Thread: How to do this

Halo all,

I've made a simple code in which i'm trying to read a string and compare it with another string. The problem is that i'm not able to get the string from the user neither from scanf nor from fgets. I get run time error. One more thing how can i assign the array size in the second argument of fgets when i'm using pointer format of a string.

Code:

#include<stdio.h>
#include<string.h>
#include<conio.h>
int main(void)
{
	char *p="hello",*q;
	int x;
	printf("Enter the string");
	//scanf("%s",*q); I did this one time
	fgets(q,10,stdin);// At the other time i did this
	x=strcmp(p,q);
	if(x==0)
	{
		printf("YES");
	}
	else
	{
		printf("NO");
	}
	getch();
}

Also what are the advantages of declaring a string as "char *s" rather than "char s[20]" with respect to memory? I mean if the string is of 10 chars then in the latter form 10 bytes will get wasted, does the same happens in the former also?

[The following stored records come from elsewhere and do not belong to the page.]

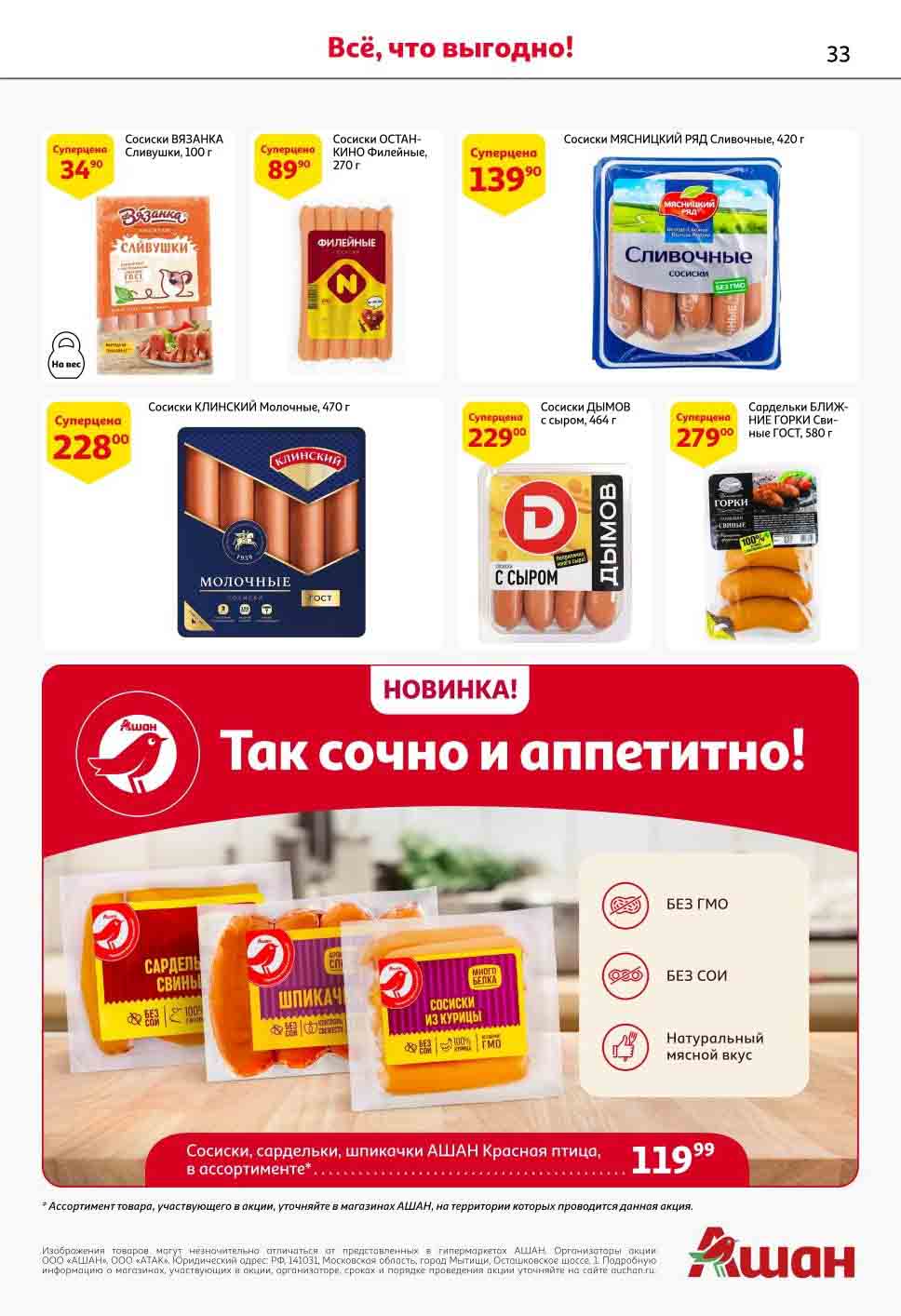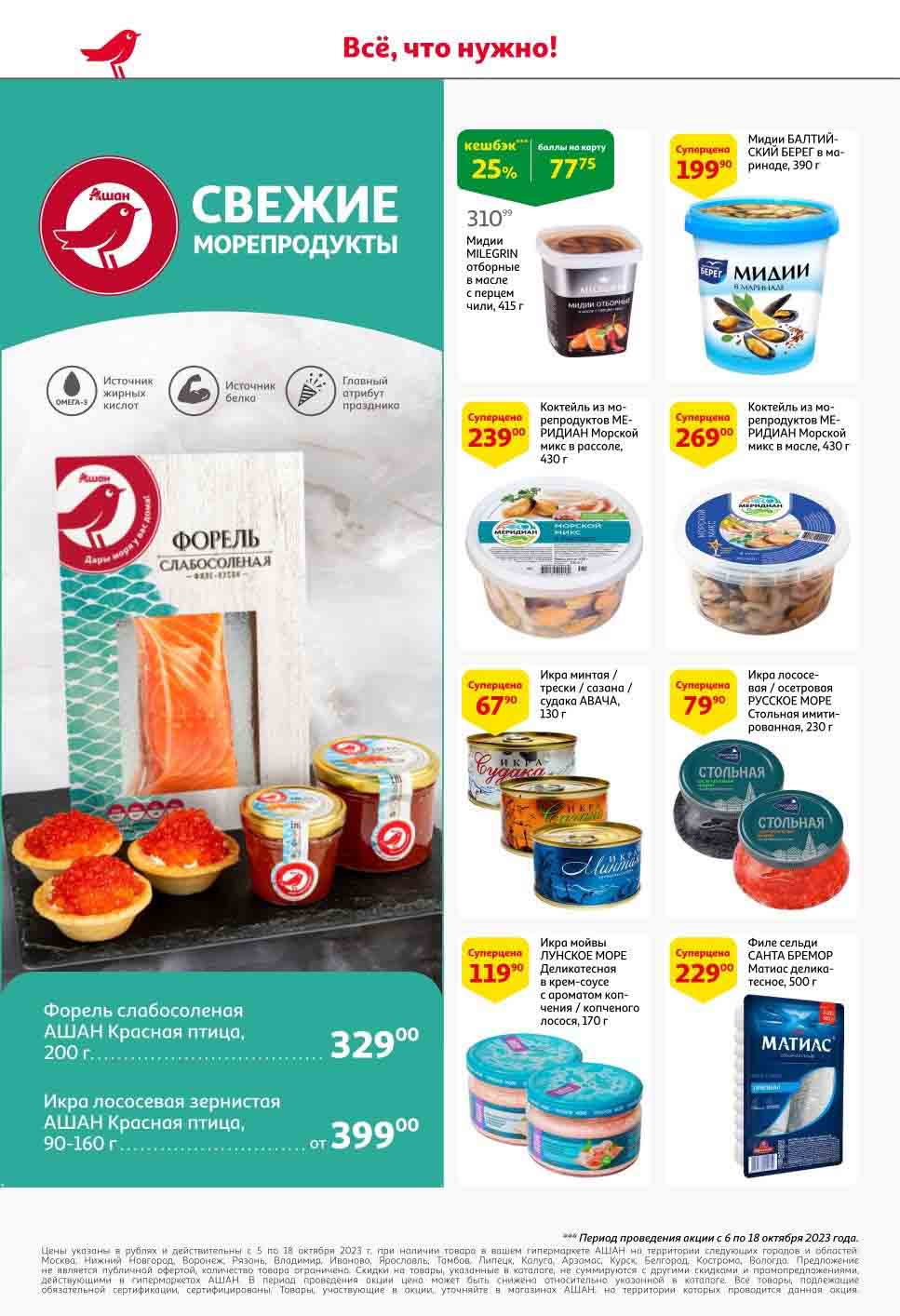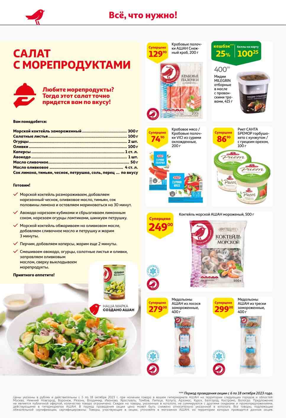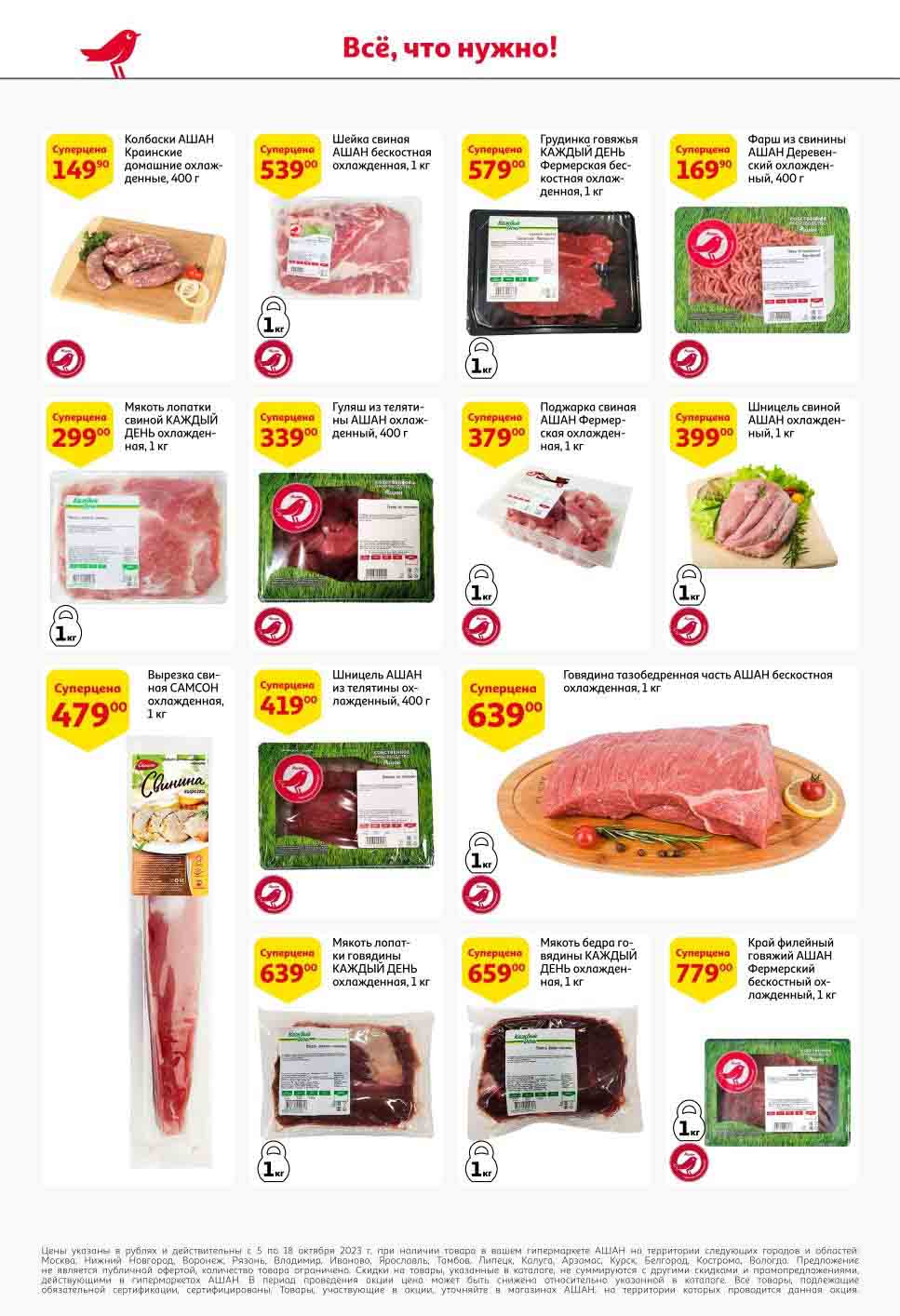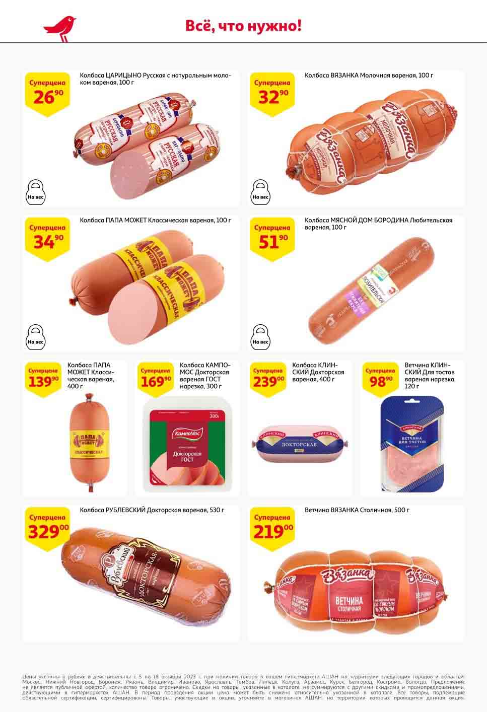 На страницах каталога Ашан вы найдете все свои любимые продукты, которые сейчас предлагаются в супермаркете. Не пропустите последние специальные предложения и сэкономьте на покупках. Предложение действительно при наличии товара на прилавках. Скидки на товары, указанные в каталоге, не суммируются с другими скидками. Изображения товаров могут незначительно отличаться от представленных на полках. Цены по акции Ашан действуют в городах: Москва. Балашиха. Химки. Подольск. Королев. Мытищи. Люберцы. Электросталь. Коломна. Одинцово. Железнодорожный, Серпухов, Орехово-Зуево. Красногорск, Щелково, Сергиев Посад, Пушкино. Жуковский, Ногинск, Раменское и многих других населенных пунктах Московского региона.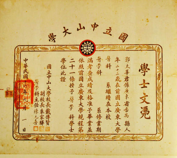 1927年,國立中山大學(xué)有了自己的第一屆畢業(yè)生,也由此誕生了第一批學(xué)位證書。這張證書于1927年9月1日由校長戴傳賢(戴季陶)、副校長朱家驊簽署頒發(fā),寬46.1厘米,長53.3厘米。中山大學(xué)初成立時(shí)的名稱為國立廣東大學(xué),為了紀(jì)念孫中山先生,于1926年改名為國立中山大學(xué)。因此,畢業(yè)證上也寫得很清楚,畢業(yè)生是在“前國立廣東大學(xué)”入校,甚至依照的規(guī)程也是“前國立廣東大學(xué)”的。這張學(xué)位證記錄著中大的崢嶸歲月。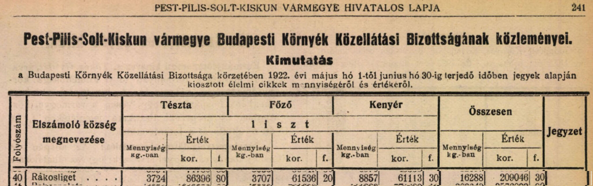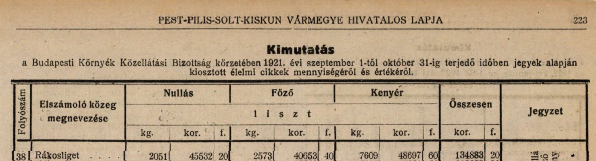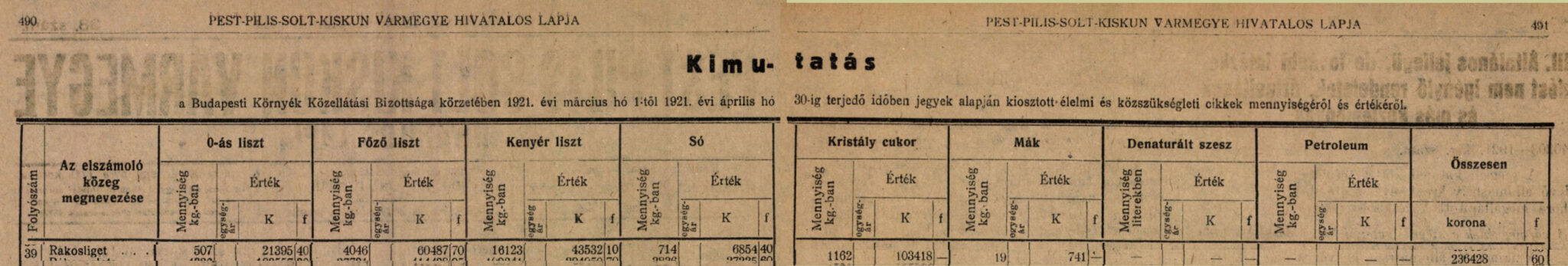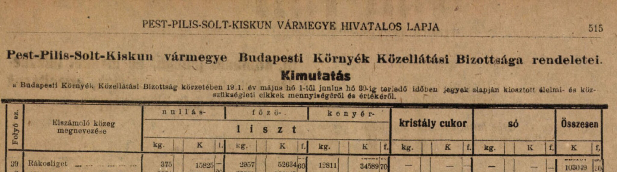 Tudomásvétel végett közlöm, …hogy a kereskedelemügyi miniszter ur 10430/908. számú rendeletével megengedte, hogy Rákosliget községben minden hét hétfő és csütörtöki napjain állatfelhajtás és helypénzszedés nélküli hetivásár tartassák.
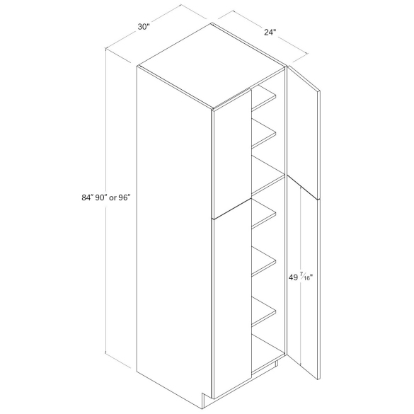This RTA cabinet frameless gray tall pantry with 4 doors will complete your kitchen! Design your perfect kitchen and check out our selection of Frameless Gloss Gray Cabinets.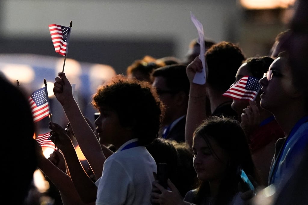 周一,拜登的支持者挥舞美国国旗欢迎其抵达安哥拉罗安达国际机场。照片:路透社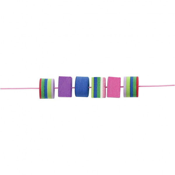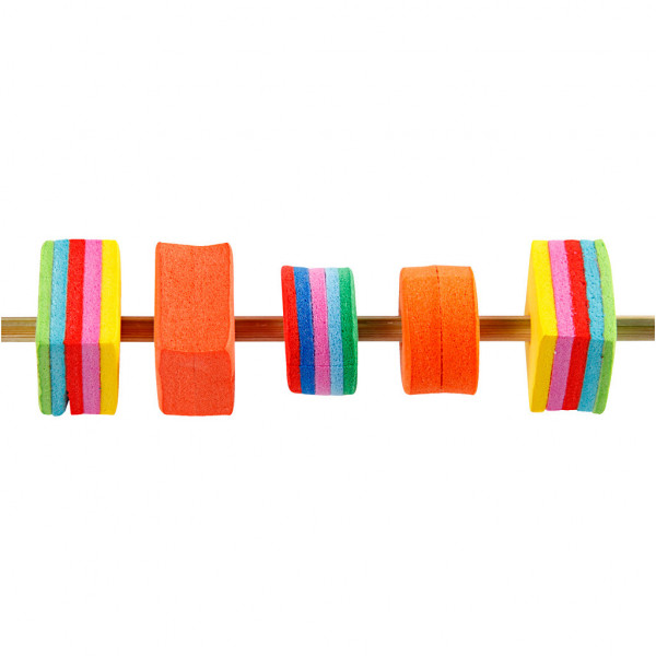 Große Perlen in verschiedenen Formen aus Moosgummi mit großem Loch - rund, quadratisch, gestreift, einfarbig.
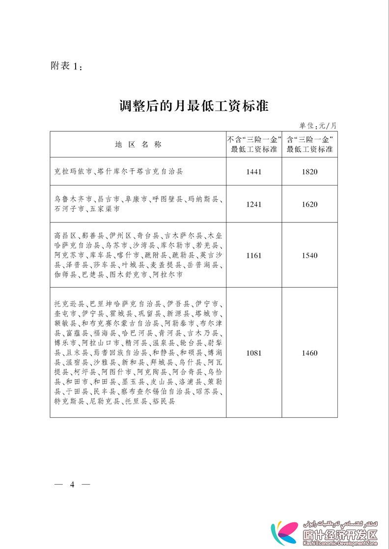 關于調整新疆維吾爾自治區最低工資標準的通知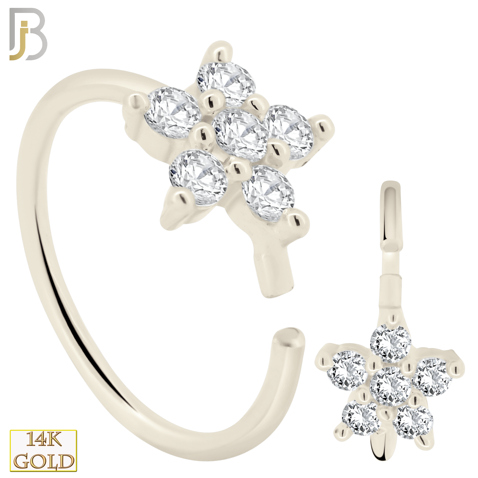 14k Solid Gold Five Petal Star Shaped Flower with Cubic Zirconia Nose Hoops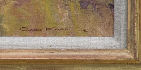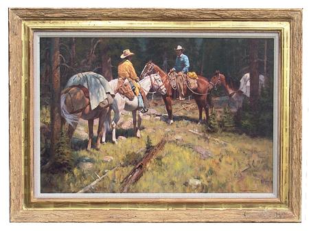 Circa Late 1900s, Signed original oil on canvas - "Meetin' on the Trail." 24" x 36" (32" x 44") From the Towne Collection.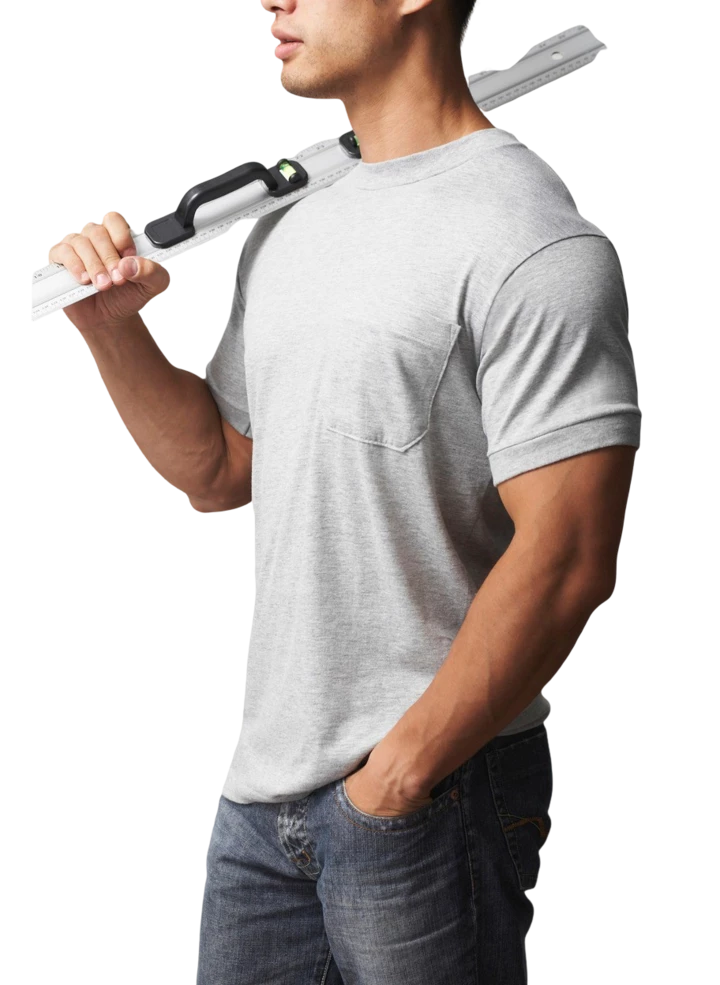 The pocket t-shirt is the ultimate performance work shirt for men. DryFX® technology allows for moisture management and an antimicrobial finish provides permanent odour protection. The jersey knit, blend of soft ring-spun cotton/polyester and taped shoulders and neck provide for comfort and extra durability. This t-shirt features a seamless neckband, large left chest pocket and rib knit cuffs to keep sleeves in place. The generous length means this shirt won’t ride up or pull out. Choose from grey mix, khaki swing, navy or classic white.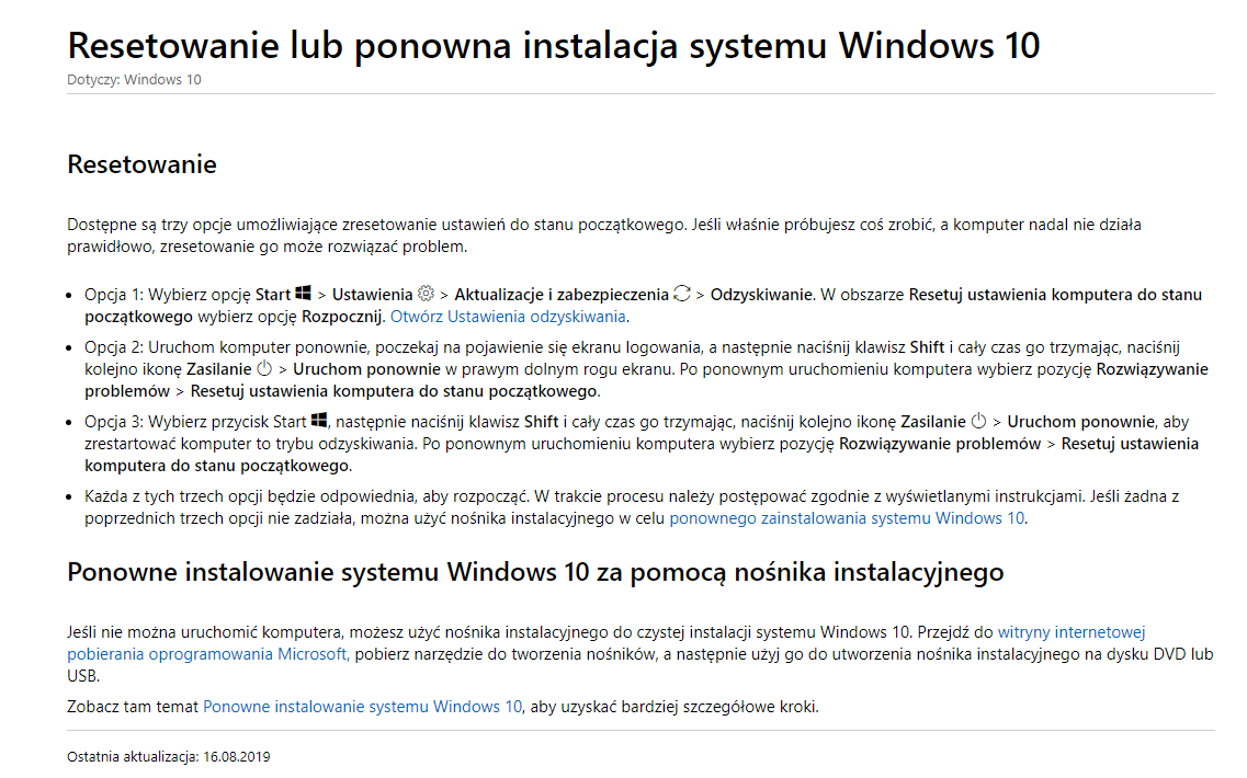 - Reset systemu wg tej instrukcji https://support.microsoft.com/pl-pl/help/4026528/windows-10-reset-or-reinstall. Przypominam o zabezpieczeniu potrzebnych danych najlepiej na zewnętrznym dysku pamięci. Tu bardzo pomocna będzie informacja https://support.microsoft.com/pl-pl/help/12415/windows-10-recovery-options, rozdział "Resetowanie komputera". Ponieważ są różne możliwości resetowania, proszę wybrać najbardziej odpowiednią w swoim przypadku.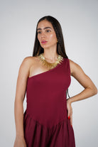 The Koriya Jumpsuit is a stunning one-piece that merges simplicity with flair. Featuring a ribbed one-shoulder top and soft, gathered wide-leg bottoms, this design flatters while offering ease of movement. The seamless waist transition adds elegance to its relaxed fit, while the rich burgundy hue makes it a versatile piece for both day and night. Perfect for events, date nights, or vacations, this jumpsuit brings effortless sophistication with every wear.
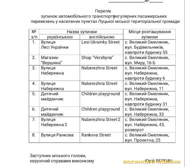 Затвердили перелік зупинок автомобільного транспорту регулярних пасажирських перевезень у селі Великий Омеляник.
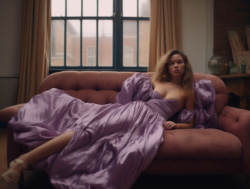 A British model in her early 20s lies on a huge couch, Vogue editorial photoshoot, mainly purple colour, confident, wide angle, full body shot, overcast, fujifilm, livingroom, realistic, 8k, --v 5.2 --style raw --ar 4:3

Originally Posted by BEN10

Also what are the advantages of declaring a string as "char *s" rather than "char s[20]" with respect to memory?

Char *s is a pointer with no memory.

Char s[20] can hold 20 bytes.

So there is not an advantage, and using using *q as you do in your program will probably cause an overflow/overwrite (= segmentation fault, your runtime error).

> Also what are the advantages of declaring a string as "char *s" rather than "char s[20]" with respect to memory?
The latter points to something you can use :-)

"q" doesn't point to anything meaningful (most certainly an area of memory you're not allowed to access).

Don't be worried about "wasting" 10 bytes. Unless you're on some super-memory-restricted-machine, which I doubt.

Perhaps a more compliant example:

Code:

#include <stdio.h>
#include <string.h>

int main(void)
{
   const char * p = "hello";
   char q[32];
   int x = 0;

   printf("Enter the string");
   fflush(stdout);

   fgets(q, sizeof q, stdin);

   x = strcmp(p, q);

   if(x == 0)
      printf("Yes");
   else
      printf("No");
   
   fflush(stdout);

   getchar();
   return 0;
}

Originally Posted by zacs7

> Also what are the advantages of declaring a string as "char *s" rather than "char s[20]" with respect to memory?
The latter points to something you can use :-)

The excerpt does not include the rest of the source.